**EXERCISE:**
From the data, return each line holding the word "الكويت".

**DATA SHOWN:**
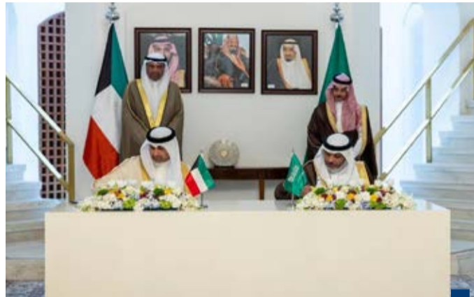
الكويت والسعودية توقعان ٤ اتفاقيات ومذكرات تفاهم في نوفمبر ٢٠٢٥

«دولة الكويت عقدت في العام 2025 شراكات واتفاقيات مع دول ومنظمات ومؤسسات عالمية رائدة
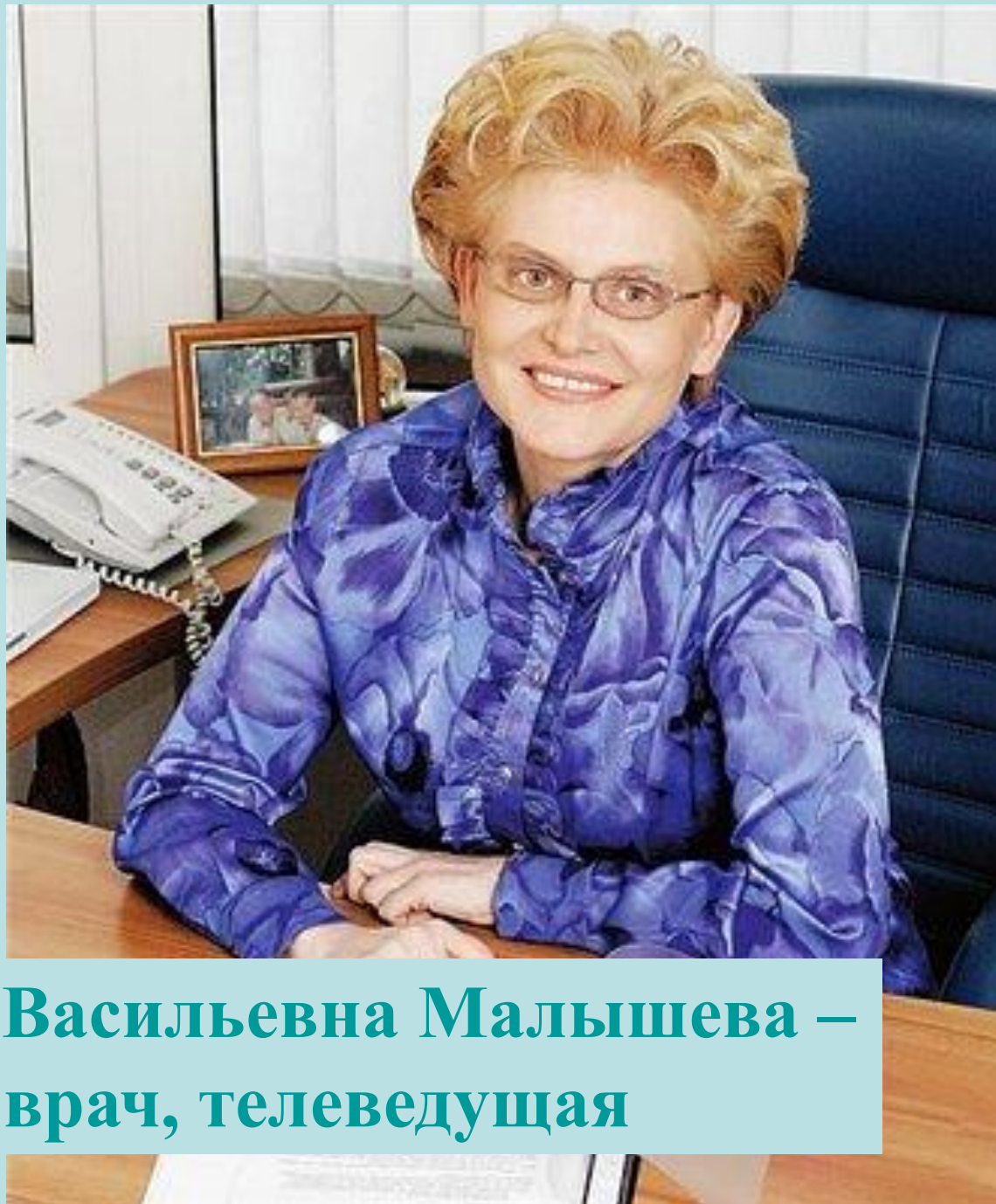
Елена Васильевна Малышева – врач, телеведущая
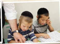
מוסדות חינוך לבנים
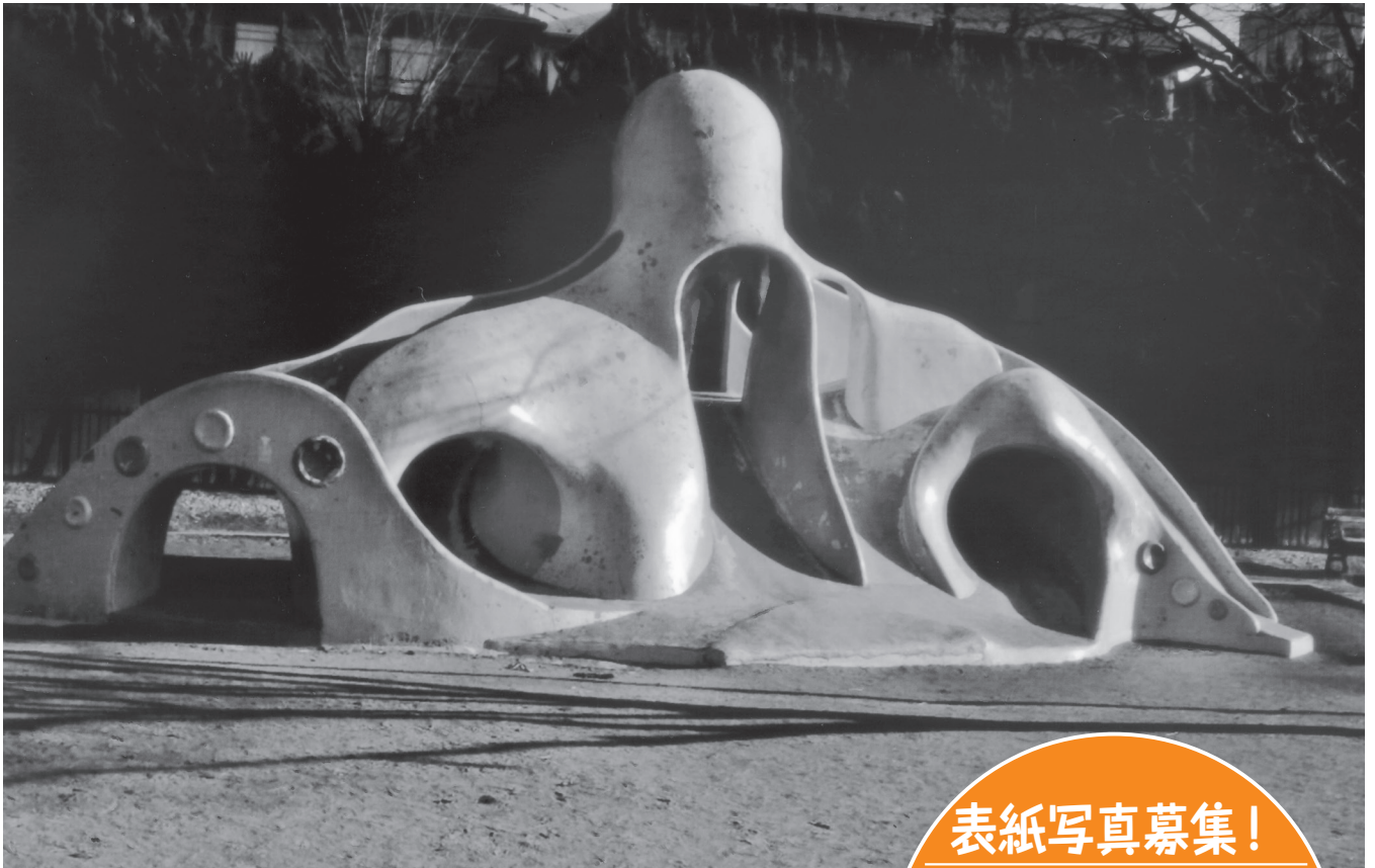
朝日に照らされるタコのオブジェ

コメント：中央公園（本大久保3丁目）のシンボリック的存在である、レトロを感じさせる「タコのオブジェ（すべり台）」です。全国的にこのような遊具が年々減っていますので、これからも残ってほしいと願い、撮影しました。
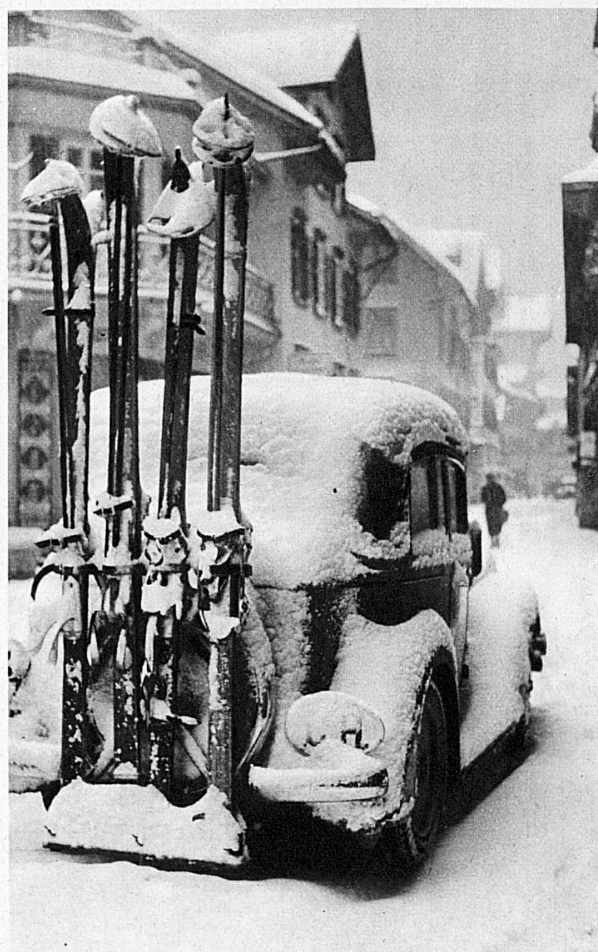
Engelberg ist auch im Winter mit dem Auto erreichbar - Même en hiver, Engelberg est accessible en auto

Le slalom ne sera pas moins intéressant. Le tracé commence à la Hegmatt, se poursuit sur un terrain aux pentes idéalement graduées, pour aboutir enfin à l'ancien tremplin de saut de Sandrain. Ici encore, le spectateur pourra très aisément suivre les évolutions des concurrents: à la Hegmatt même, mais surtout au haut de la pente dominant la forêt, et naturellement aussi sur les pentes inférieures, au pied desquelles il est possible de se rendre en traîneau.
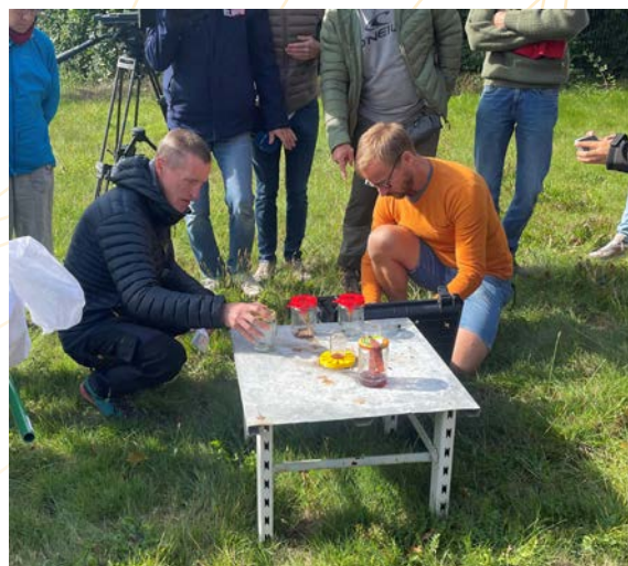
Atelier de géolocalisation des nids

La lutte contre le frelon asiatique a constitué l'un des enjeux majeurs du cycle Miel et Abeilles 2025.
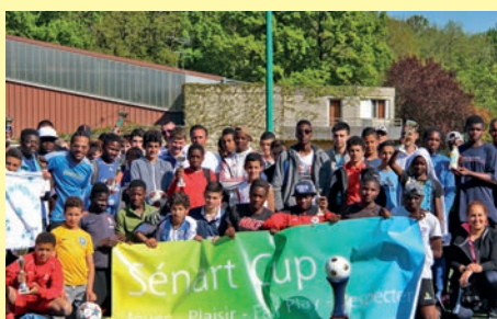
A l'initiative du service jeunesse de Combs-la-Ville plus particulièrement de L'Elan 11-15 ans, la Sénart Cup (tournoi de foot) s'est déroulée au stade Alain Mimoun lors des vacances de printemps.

**RESULT:**
الكويت والسعودية توقعان ٤ اتفاقيات ومذكرات تفاهم في نوفمبر ٢٠٢٥
«دولة الكويت عقدت في العام 2025 شراكات واتفاقيات مع دول ومنظمات ومؤسسات عالمية رائدة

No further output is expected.